Description of the task:
Your reply should be an exact copy of every entry, with the pictures removed.

★ ★ ★ ★ ★ ★ ★

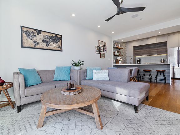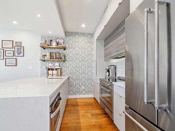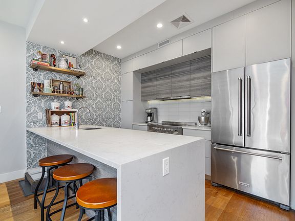 Unwind in this modern, luxurious 2 bedroom, 2 bathroom oasis nestled in the heart of Bushwick. This mint condition gem boasts over 900 sq ft with a flowing layout ideal for the ultimate comfort and with a private balcony! Sunlight cascades through every room in the apartment and illuminates the sleek, modern finishes that define this home. The chef's inspired open large kitchen, is ready to ignite your culinary passions. Outfitted with top of the line stainless steel appliances; Kitchenaid 36' refrigerator, bosch dishwasher, electric verona range with zephyr hood. In addition there is custom matte gray cabinetry with Carrara quartz countertops. Two well-proportioned bedrooms offer private sanctuaries, each with ample closet space for ultimate organization. Luxuriate in the spa-like bathrooms, featuring beautiful tiling, contemporary Duravit fixtures, deep soaking tub and radiant heated flooring that will elevate your daily routine. Additional features; in unit washer/dryer, thru wall heat/air systems, wide plank white oak flooring, recessed lighting, tons of closets, centrally connected blue tooth system and two storage units included. 139 Grove Street is a collection of eight beautifully designed condominium apartments with a common furnished roof deck to enjoy the stunning open city views walk up, bike rack, storage units and with video intercom security system. Beyond your doorstep, Bushwick's vibrant energy thrives. Discover trendy cafes, art galleries, and buzzing nightlife venues, all within easy reach. Enjoy green spaces like Maria Hernandez Park and Bushwick Playground and convenient to the J/M/Z or L trains. 24 hour notice required to show. Available as of August 1st 2025 Fees: $20 per person credit check, 1st month's rent & one month security deposit with leases.
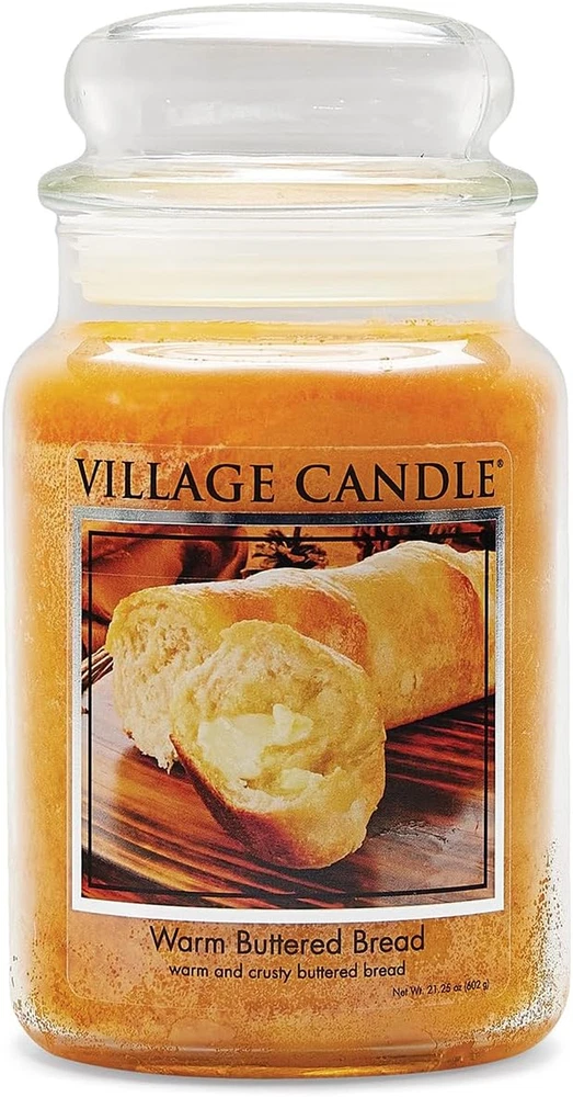 Fragrance Notes of Warm and Crusty Buttered Bread This golden brown candle is made with the highest quality food-grade paraffin wax for a clean and even burn. We source only the finest ingredients for a true-to-life, long lasting fragrance experience. Pioneered by Village Candle, our dual wick technology is a unique design that ensures a cleaner, more efficient burn, as well as a superior fragrance experience. Before reaching your home our lead-free cotton wicks are hand-trimmed by our team. Our candles have a long and consistent burn time of up to 170 hours (depending on the size of candle). Burn your candle for a minimum of 2 hours and no more than 4 hours, or until you reach a full wax pool. Dimensions are 3.8''L 3.8''W 6.75''H. Born from a passion for New England craftsmanship that still burns strong to this day. Our candles are proudly made in America by our highly skilled candlemakers in Wells, Maine. From our Village to your village remains our inspiration all these years. Product Description
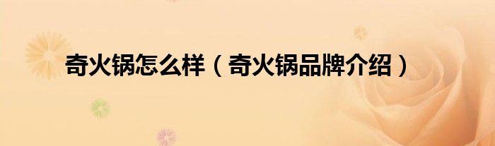 大家好,小源来为大家解答以上问题。奇火锅怎么样,奇火锅品牌介绍很多人还不知道,现在让我们一起来看看吧!
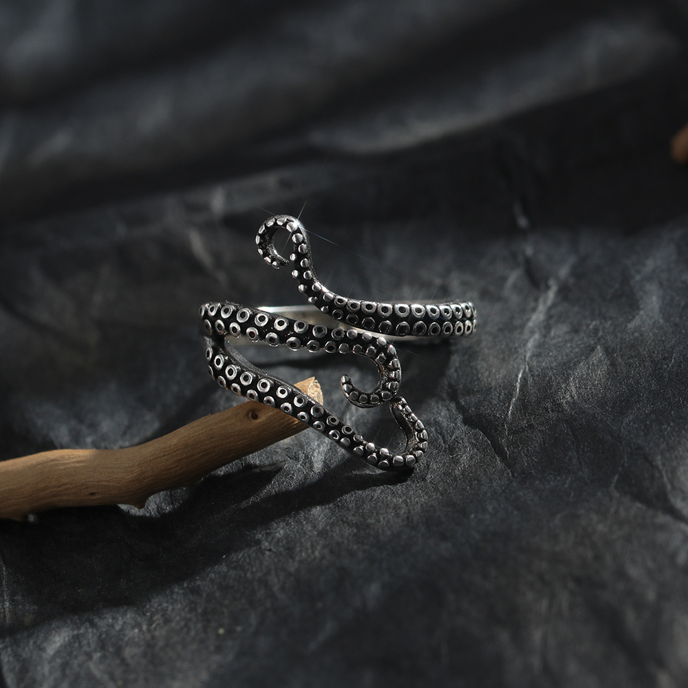 Retro Thai silver exaggerated domineering skull finger ring Thai silver men's opening adjustment ring personality popular
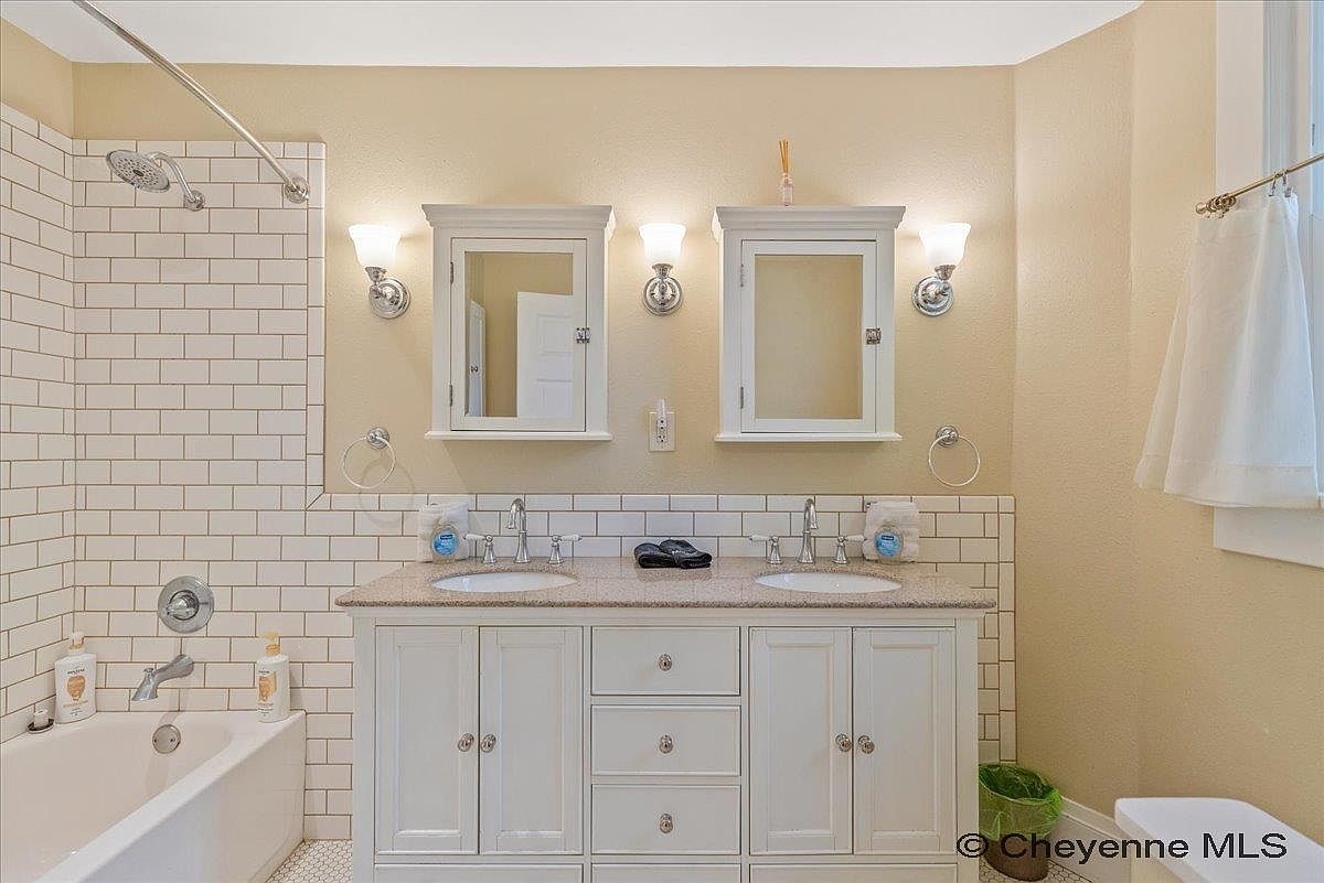 This bathroom features a practical double vanity with two sinks, making busy family mornings more convenient. Elegant white cabinets offer plenty of storage for toiletries and towels, while the cream-colored walls and white subway tile backsplash create a warm and inviting aesthetic. The bathtub, surrounded by white tile, is ideal for young children’s baths or relaxing soaks. Above the vanity, two mirrored medicine cabinets provide additional organization. Polished chrome fixtures and classic wall sconces beside each mirror enhance the room’s brightness and modern touch. A window with a delicate white curtain allows natural light, ensuring a cheerful and family-friendly space.
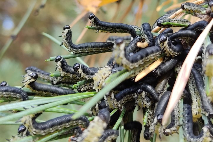 Pušinių pjūklelių masinio dauginimosi židinys Ignalinos regione žvalgomas specialistų (video)
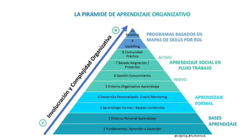 Virginio Gallardo es un clásico de este espacio. En esta ocasión nos regala dos magníficos posts en los que actualiza lo que se entiende hoy por aprendizaje en las organizaciones. En la segunda entrada profundiza en lo que creemos es la competencia nuclear actual en las organizaciones: aprender a aprender. Su pirámide del aprendizaje es muy buena.
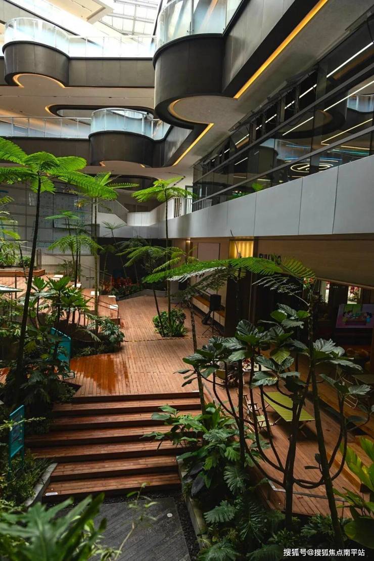 踏入东岸麓洲,仿若步入热带梦幻之境。在这里,商业空间与自然完美交织。森林湖泊环绕的 “玻璃盒子” 中,户外竹木地板与墙板随处可见。竹材与海芋、面包树等绿植相得益彰,砗磲点缀其中,巧妙隔开外界喧嚣,带您轻松步入宁静商业天地。
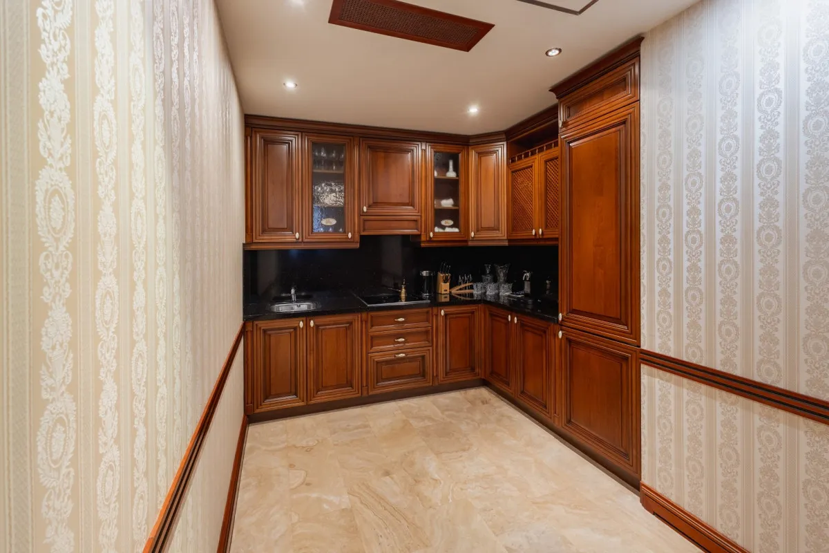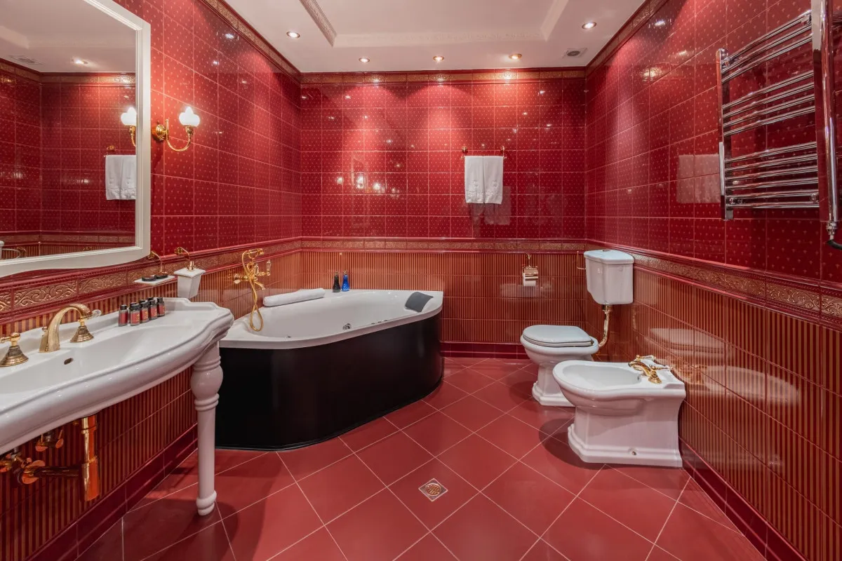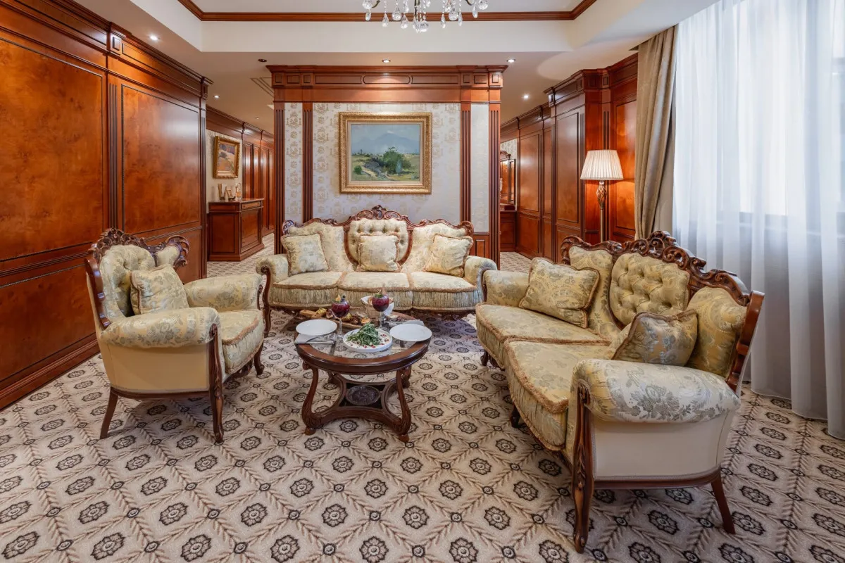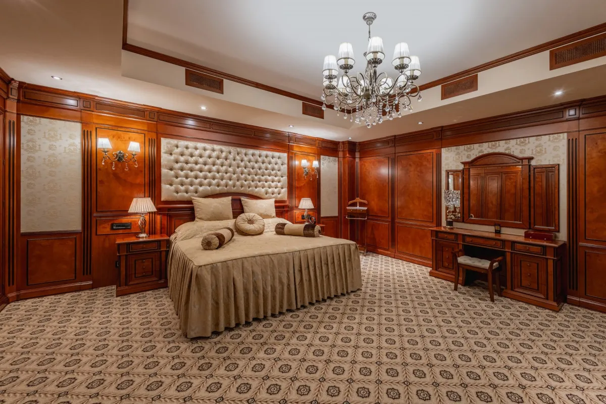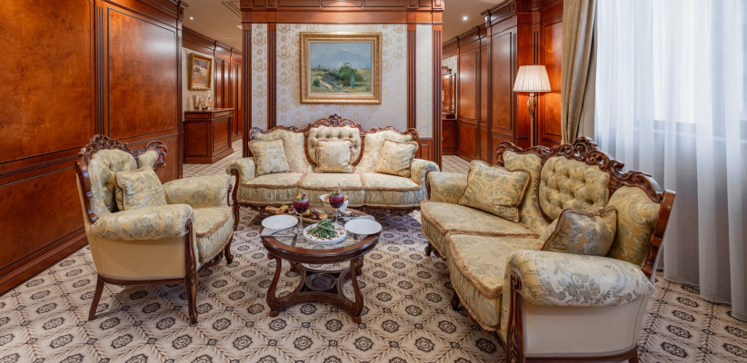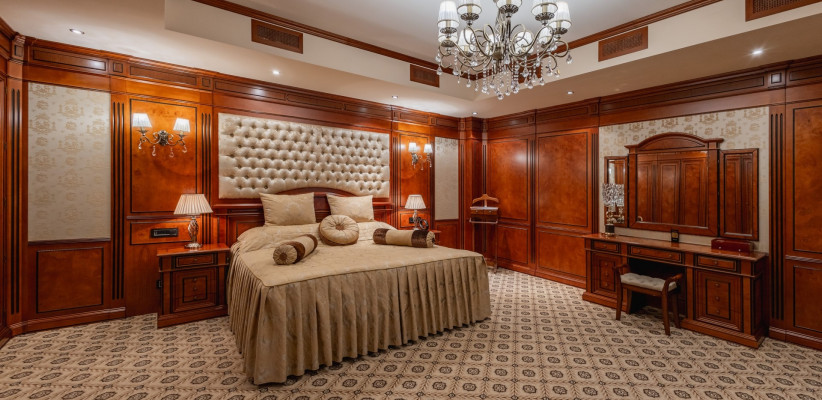 100 м2, номер с видом во двор, кровать king-size, две ванные комнаты, аэромассажная ванна, гостиная, гардеробная. Максимальное количество гостей: 4.Presidential Apartment

★ ★ ★ ★ ★ ★ ★

Response box:
 Unwind in this modern, luxurious 2 bedroom, 2 bathroom oasis nestled in the heart of Bushwick. This mint condition gem boasts over 900 sq ft with a flowing layout ideal for the ultimate comfort and with a private balcony! Sunlight cascades through every room in the apartment and illuminates the sleek, modern finishes that define this home. The chef's inspired open large kitchen, is ready to ignite your culinary passions. Outfitted with top of the line stainless steel appliances; Kitchenaid 36' refrigerator, bosch dishwasher, electric verona range with zephyr hood. In addition there is custom matte gray cabinetry with Carrara quartz countertops. Two well-proportioned bedrooms offer private sanctuaries, each with ample closet space for ultimate organization. Luxuriate in the spa-like bathrooms, featuring beautiful tiling, contemporary Duravit fixtures, deep soaking tub and radiant heated flooring that will elevate your daily routine. Additional features; in unit washer/dryer, thru wall heat/air systems, wide plank white oak flooring, recessed lighting, tons of closets, centrally connected blue tooth system and two storage units included. 139 Grove Street is a collection of eight beautifully designed condominium apartments with a common furnished roof deck to enjoy the stunning open city views walk up, bike rack, storage units and with video intercom security system. Beyond your doorstep, Bushwick's vibrant energy thrives. Discover trendy cafes, art galleries, and buzzing nightlife venues, all within easy reach. Enjoy green spaces like Maria Hernandez Park and Bushwick Playground and convenient to the J/M/Z or L trains. 24 hour notice required to show. Available as of August 1st 2025 Fees: $20 per person credit check, 1st month's rent & one month security deposit with leases.
 Fragrance Notes of Warm and Crusty Buttered Bread This golden brown candle is made with the highest quality food-grade paraffin wax for a clean and even burn. We source only the finest ingredients for a true-to-life, long lasting fragrance experience. Pioneered by Village Candle, our dual wick technology is a unique design that ensures a cleaner, more efficient burn, as well as a superior fragrance experience. Before reaching your home our lead-free cotton wicks are hand-trimmed by our team. Our candles have a long and consistent burn time of up to 170 hours (depending on the size of candle). Burn your candle for a minimum of 2 hours and no more than 4 hours, or until you reach a full wax pool. Dimensions are 3.8''L 3.8''W 6.75''H. Born from a passion for New England craftsmanship that still burns strong to this day. Our candles are proudly made in America by our highly skilled candlemakers in Wells, Maine. From our Village to your village remains our inspiration all these years. Product Description
 大家好,小源来为大家解答以上问题。奇火锅怎么样,奇火锅品牌介绍很多人还不知道,现在让我们一起来看看吧!
 Retro Thai silver exaggerated domineering skull finger ring Thai silver men's opening adjustment ring personality popular
 This bathroom features a practical double vanity with two sinks, making busy family mornings more convenient. Elegant white cabinets offer plenty of storage for toiletries and towels, while the cream-colored walls and white subway tile backsplash create a warm and inviting aesthetic. The bathtub, surrounded by white tile, is ideal for young children’s baths or relaxing soaks. Above the vanity, two mirrored medicine cabinets provide additional organization. Polished chrome fixtures and classic wall sconces beside each mirror enhance the room’s brightness and modern touch. A window with a delicate white curtain allows natural light, ensuring a cheerful and family-friendly space.
 Pušinių pjūklelių masinio dauginimosi židinys Ignalinos regione žvalgomas specialistų (video)
 Virginio Gallardo es un clásico de este espacio. En esta ocasión nos regala dos magníficos posts en los que actualiza lo que se entiende hoy por aprendizaje en las organizaciones. En la segunda entrada profundiza en lo que creemos es la competencia nuclear actual en las organizaciones: aprender a aprender. Su pirámide del aprendizaje es muy buena.
 踏入东岸麓洲,仿若步入热带梦幻之境。在这里,商业空间与自然完美交织。森林湖泊环绕的 “玻璃盒子” 中,户外竹木地板与墙板随处可见。竹材与海芋、面包树等绿植相得益彰,砗磲点缀其中,巧妙隔开外界喧嚣,带您轻松步入宁静商业天地。
 100 м2, номер с видом во двор, кровать king-size, две ванные комнаты, аэромассажная ванна, гостиная, гардеробная. Максимальное количество гостей: 4.Presidential Apartment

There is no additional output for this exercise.